Saipan: Roy Keane and Mick McCarthy’s famous fallout gets an unsatisfying screen retelling in a rare sports film that has no winners

Éanna Hardwicke does a superb job of capturing Roy Keane’s intensity and ego, but while Paul Fraser’s film is entertaining, it can’t give a decent ending to a football scandal that never really had one.

Steve Coogan as Mick McCarthy and Éanna Hardwicke as Roy Keane in Saipan (2025)Courtesy of Vertigo Releasing

For Irish football fans of a certain age, the phrase “You can stick it up your bollocks” is etched in our collective memory.
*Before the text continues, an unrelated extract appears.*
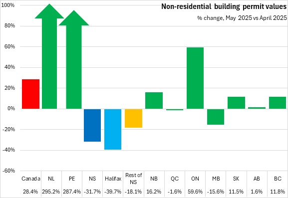 Nova Scotia's non-residential building permits fell 31.7% to $74.3 million, the fastest monthly decline among provinces. Halifax permits dropped 39.7% to $41.4 million. Outside the city, non-residential permit values declined 18.1% to $33.0 million. National non-residential building permit values rose 28.4% to $5.57 billion. Non-residential permit values were up in seven of ten provinces, led by Newfoundland and Labrador and Prince Edward Island.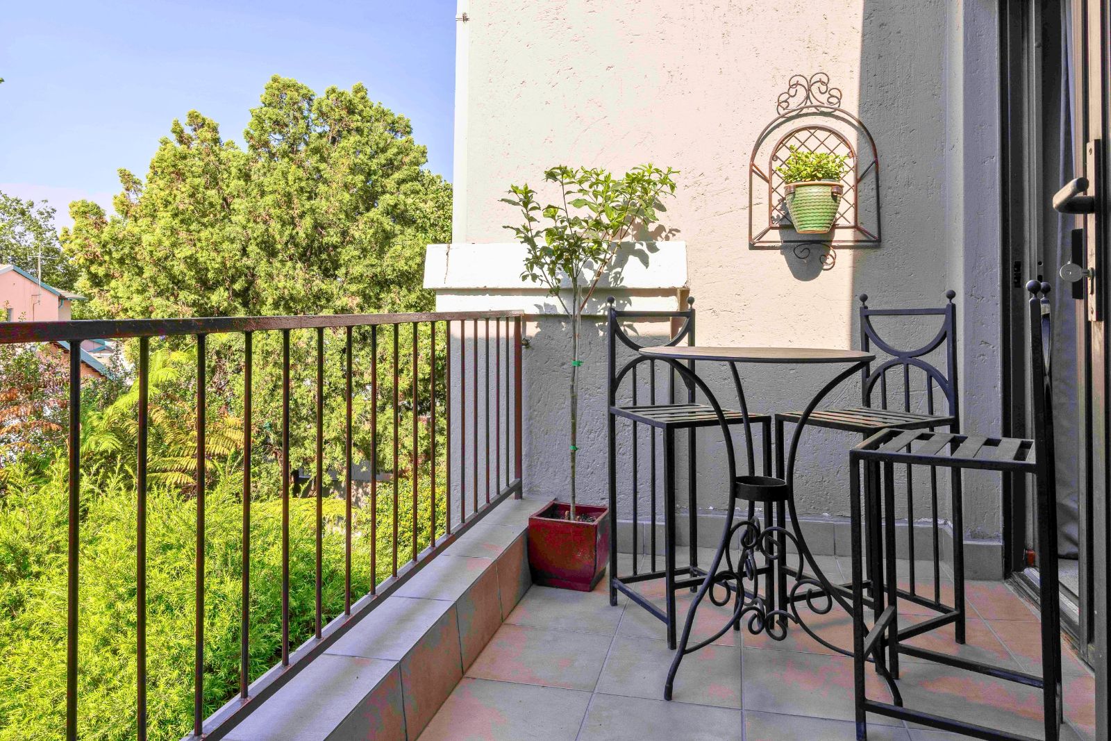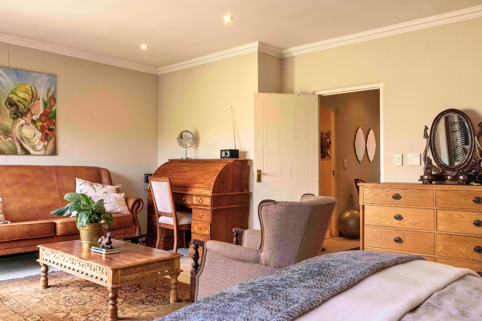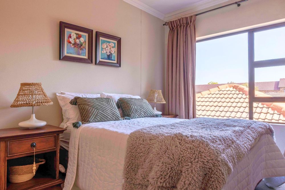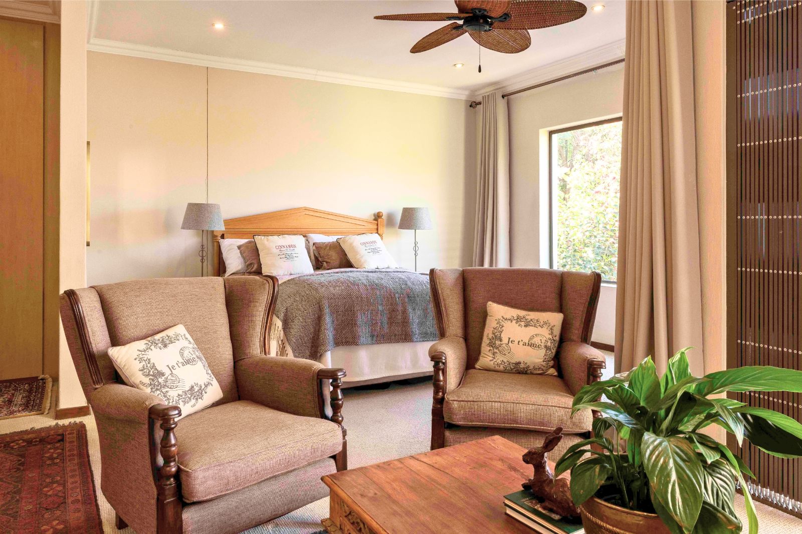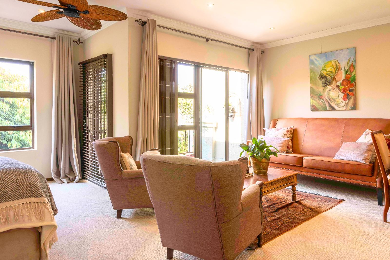 1x Extra large master bedroom with north-facing windows and doors opening onto sunny balcony overlooking lush garden

This was captain Roy Keane’s parting shot to manager Mick McCarthy as he left the Irish squad one week before the start of the 2002 World Cup. Anyone living in Ireland then will recall the hysteria that ensued as this issue divided the nation, a period that Saipan evokes with its opening montage of TV and radio soundbites. “This is like our Princess Diana,” one interviewee says, which didn’t feel like an overstatement at the time.

Saipan, directed by the husband-and-wife team Glenn Leyburn and Lisa Barros D’Sa, is bookended by the media frenzy at home, but most of the film takes place on the eponymous island that was at the centre of the storm. This was the location chosen by the Football Association of Ireland for a pre-tournament training camp, but when the squad arrived, they found that somebody had overlooked a few essentials; the training pitch was covered in stones and there weren’t even any footballs to play with. “It would be better if we had footballs,” McCarthy (Steve Coogan) wearily admits. It’s all a far cry from the ultra-professional preparation that Keane (Eanna Hardwicke) sees his club teammates enjoying in a BBC news report on the England base camp, and the disparity enrages him.
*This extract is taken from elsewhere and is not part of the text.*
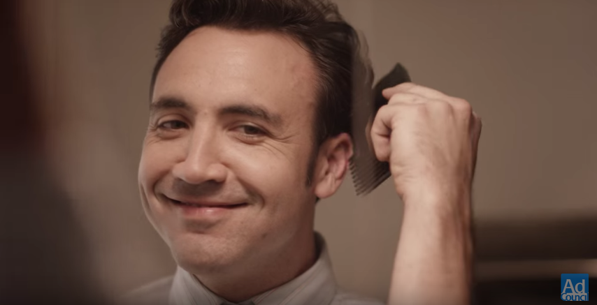 00:18 – Aside from this being one of the creepiest smirks in existence, this shot also reveals where the comb was headed. A white man, different from anyone previously shown, is using it to comb his hair. He is wearing a dress shirt as is determined by his collar. He is presumably using the comb to get ready for a day or work or meeting of some sort. It is entirely possible that he is a member of the family in the beginning of the advert, as an older male figure was never shown and it is possible, with a very basic observation of race, that he could be the father of the kids.

As the squad’s one truly world-class player, and someone whose innate winning mentality had been honed by the high standards and years of success he’d enjoyed at Manchester United, Keane’s rage was not just directed at the incompetence of the Football Association of Ireland (amusingly represented by the red-faced, idiotically grinning Jamie Beamish), but at McCarthy and his teammates for too easily accepting it. For many in the Irish set-up, just getting to the World Cup was an achievement and the cue to celebrate, but Keane demanded more. “Do you know why everyone loves the Irish? Because we’re not a threat,” he argues. Leyburn and D’Sa frequently separate Keane from the rest of the squad in their striking widescreen compositions, placing him alone in the centre of a frame as he trains in the gym, or quietly seething on his balcony as he watches the rest of the squad drink and party downstairs.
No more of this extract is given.